From getting pickpocketed in Barcelona to being trounced over a 10-minute cab ride in Bali, we’ve all been duped at some point while travelling. But forget all that: a Forbes investigation has just shown that you can get scammed before even leaving the airport.
Even worse: a common precautionary measure we all take is actually for blame for this personal security breach. What is it? Printing your boarding pass. Sounds smart, considering how many of us fly by the seat of our phone battery, but cybersecurity experts say it is anything but.

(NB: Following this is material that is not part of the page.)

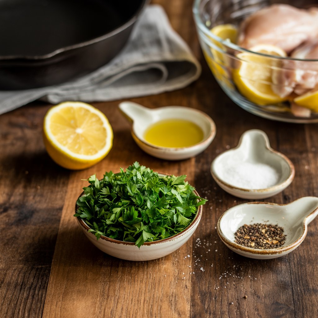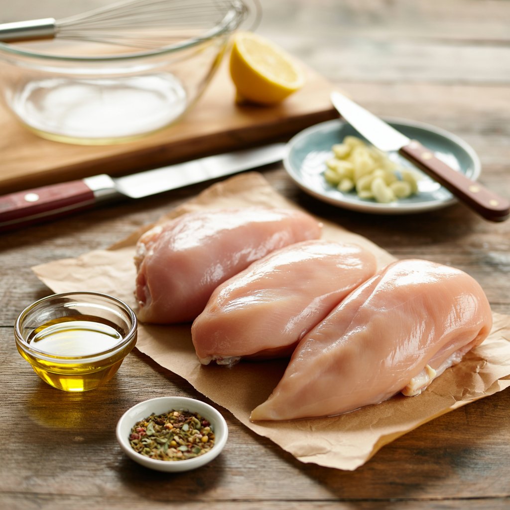 - Marinate chicken & prep potatoes: In a bowl, whisk olive oil, Italian seasoning, garlic, parsley, lemon juice, salt, and pepper. Coat chicken and marinate 10 minutes. Heat oven to 200°C (390°F).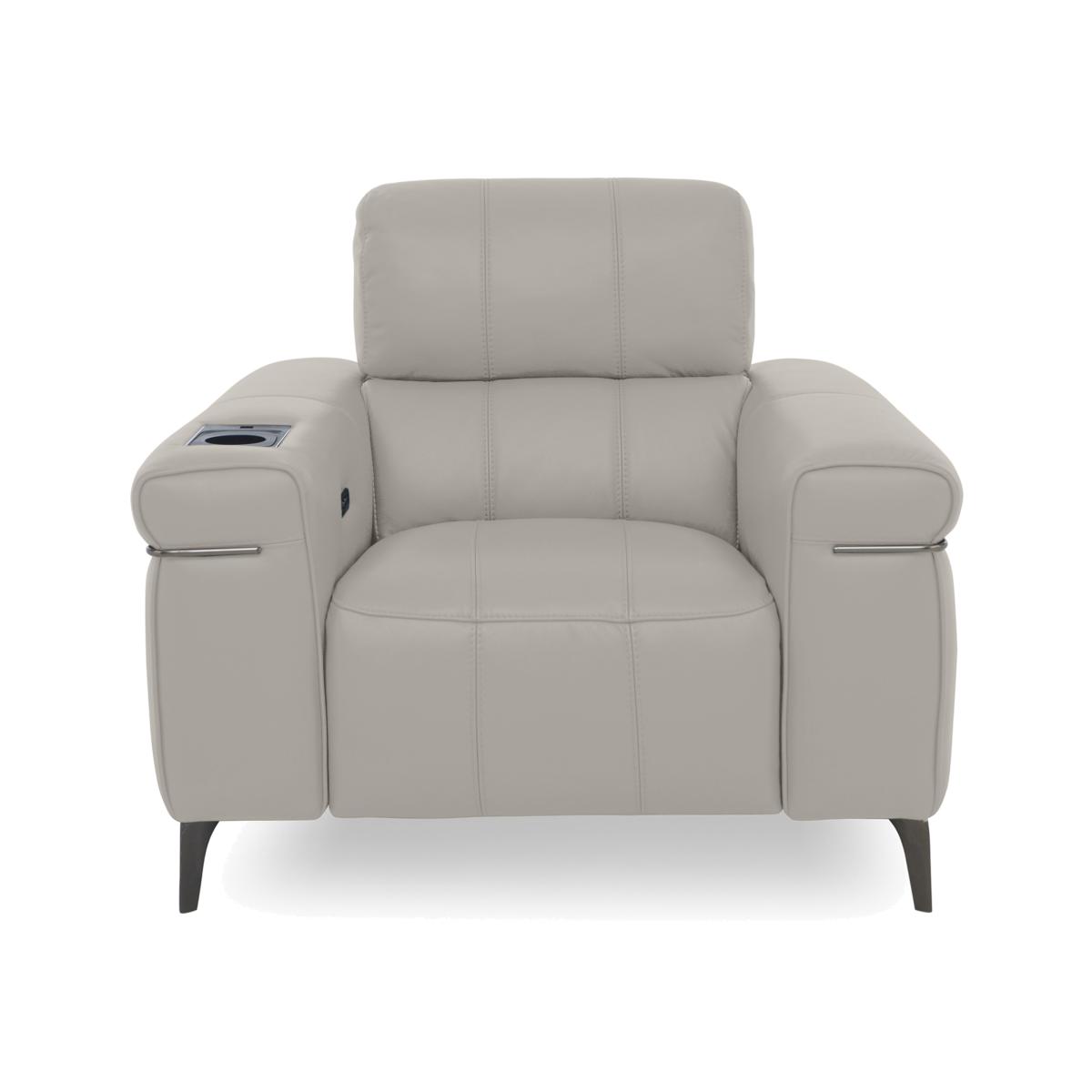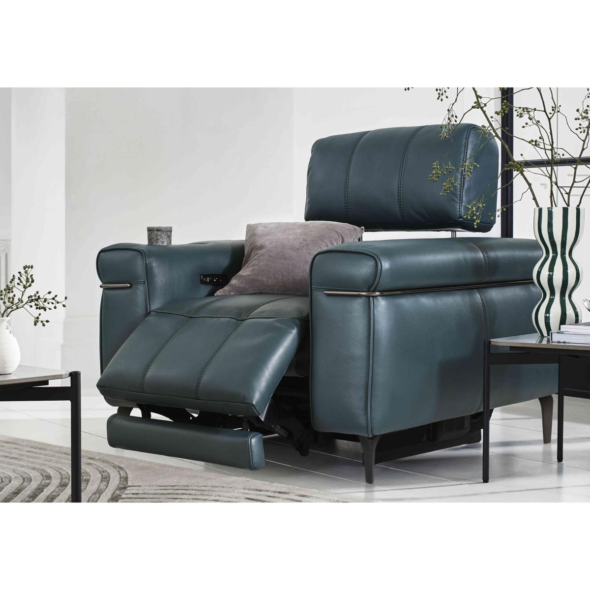 Turn your living room into the most stylish of in-home cinemas with sofas, chairs and footstools from our Homestage range. The collection includes stunning media sofas and armchairs that connect via Bluetooth to your TV or phone and have surround sound speakers hidden in the incredibly comfortable cushioning for the next level in 4. D entertainment. And with power recliners with independently-moving backrests and footrests, perfect-position power headrests and sprung seats and backs, the comfort is every bit as enthralling. Available in a wide choice of soft fabric and 100% leather upholstery options, the Homestage range is a Furniture Village exclusive. This power recliner chair in 100% leather delivers more than style. This media chair comes with Bluetooth and surround sound built in for an at-home cinematic experience like never before. Why you’ll love it Cinema-style entertainment meets contemporary style in this media chair. Bluetooth connection to your TV or phone for an immersive 4. D experience. Surround sound speakers are embedded into cushioning. With wireless, USB and USB-C charging. Power recliner features independent backrest and footrest motion. Perfect-position headrest means perfect comfort, every time. Sprung seat and back for superbly balanced support wherever you sit. 100% leather upholstery with linear stitching in a huge choice of on-trend colours. Stiletto-style metal legs with a high-shine nickel-plated finish in black. Matching metal arm trim. A Furniture Village exclusive. This leather power recliner media chair is part of our Homestage range. What you need to know Medium comfort level. Seat suspension: no-sag springs. Seat cushioning: foam and inner coil spring. Cushioning is fixed. Back suspension: rubber webbing. Back cushioning: foam and loose fibre. Cushioning is fixed. Arm cushioning: foam and fibre. Please allow time for new recliners to ease. Minor gaps are necessary to ensure ease of recliner motion and may be exaggerated depending on floor type. Leather has unique marks and characteristics with variation in colour and texture. Leather softens with use. Smoothing the tops of leather cushions prevents signs of visual comfort. Please read our upholstery care guide for more advice. Item code: HOMSMPCHNC-001

In fact, they’re warning travellers to reconsider printing their boarding passes (for the short-haul flights where it’s possible to print your own, anyway), sticking to the digital ones sent to phones instead.
Why? According to Forbes, travellers who don’t shred their paper boarding pass – or who share them online – are making it easy for hackers to crack into their frequent flyer accounts and steal points which are then sold on the black market.
This is because, as Caleb Barlow, CEO of cybersecurity consulting firm CynergisTek, told Forbes, to break into a frequent flyer account, “all you need is your name, your booking reference number and your frequent flyer number,” – all of which are on your boarding pass.
“There could be a couple of basic password reset questions – but I might be able to get the answers to those just by looking on the web. And now… I’ve got your frequent flyer account.”
The Points Guy, a frequent flyer points expert, recently gave a similar warning, after Qantas chose to get rid of frequent flyer numbers from its boarding passes: “If given access to a boarding pass, hackers can see a plethora of personal passenger information: your frequent flyer number, name, and your six-digit PNR (Passenger Name Record) code — and voilà!”
“Not only can someone hack into your booking, but also other personal details such as the last four digits of the credit card you used to book. In theory, a hacker could move your seat or cancel your trip entirely.”
And as Escape.com.au reported on Wednesday, “Finder.com.au editor-in-chief Angus Kidman recently told news.com.au how he had 47,000 Virgin Velocity points stolen from his account that a hacker used to buy an overseas flight.”
In other words: your boarding class #humblebrag could cost you more than your social media reputation.